Господин Геппель открыто признавал себя свободомыслящим[10], противником Бисмарка. Дидерих поддакивал всему, что говорил Геппель; у него не было собственного мнения ни насчет канцлера, ни насчет свободы, ни насчет молодого кайзера[11]. Вдруг он мучительно покраснел: в комнату вошла молодая девушка, с первого взгляда почти испугавшая его своей красотой и изяществом.

— Моя дочь Агнес, — сказал Геппель.

Дидерих, в своем мешковатом сюртуке напоминавший тощего кадета, стоял перед ней, залившись краской. Девушка подала ему руку. Она, как видно, хотела быть любезной, но о чем с ней говорить? Дидерих ответил «да», когда она спросила, понравился ли ему Берлин, а на вопрос, побывал ли он уже в театре, ответил «нет». Он почувствовал себя так неловко, что даже взмок; он был твердо убежден, что девушку сейчас интересует только одно: когда он уйдет? Но как унести отсюда ноги? На счастье, явился новый гость, плотный субъект по фамилии Мальман, говоривший оглушительным голосом, на мекленбургском диалекте[12]; он был, по всей видимости, студентом-технологом и состоял как будто в квартирантах у Геппелей. Мальман напомнил Агнес, что она обещала пойти с ним погулять. Дидериха тоже пригласили. В ужасе он отговорился тем, что его будто бы дожидается на улице знакомый, и тотчас же начал прощаться. «Слава богу, — подумал он, хотя сердце у него и екнуло, — у барышни уже кто-то есть».

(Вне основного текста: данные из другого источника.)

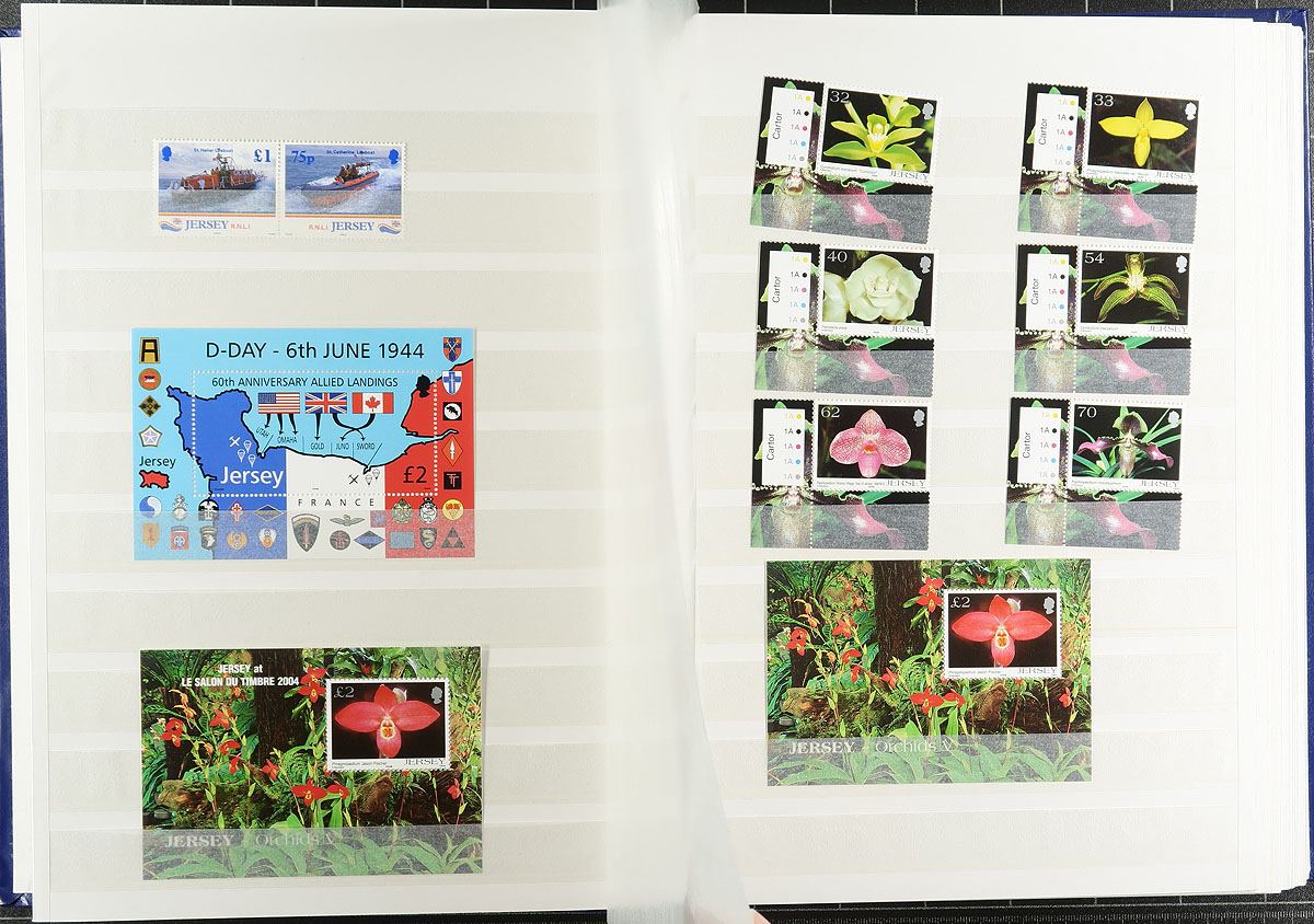 Clean never hinged collection of Jersey, 1985-2007, containing many hundreds of stamps in a stockbook. This neatly organized collection ranges from Scott #366/1293, containing primarily sets, and several souvenir sheets, with the vast majority of material from 1999 onwards. We note several sets cataloguing in the $5 to $10 range. A nice clean lot for all collectors, very fine. 2026 Scott US$567.00 =

Господин Геппель, провожая его в темную переднюю, спросил, знает ли его приятель Берлин. Дидерих тут же сочинил, что приятель — берлинец.

— Если вы оба не знаете города, сядете еще, чего доброго, не на тот омнибус. Вам уже, наверное, не раз случалось заблудиться в Берлине? — Дидерих ответил утвердительно, и господин Геппель выразил явное удовлетворение. — Это вам не Нетциг. Тут, как заблудишься, полдня проходишь. Вы что думаете — за то время, что вы от вашей Тикштрассе доберетесь до Галльских ворот, вы три раза можете пройти через весь Нетциг из конца в конец… Да, вот так-то! А в следующее воскресенье приходите к обеду.

Дидерих обещал. Воскресенье приближалось; он с удовольствием отказался бы от этого визита и, только боясь ослушаться отца, пошел к Геппелям. На сей раз пришлось выдержать такой искус, как пребывание с глазу на глаз с фрейлейн Геппель. Дидерих напустил на себя вид делового человека, не склонного развлекать девиц. Она было опять завела разговор о театре, но он грубо перебил ее: некогда ему заниматься такой дребеденью. Ах да, папа говорил ей: господин Геслинг как будто изучает химию.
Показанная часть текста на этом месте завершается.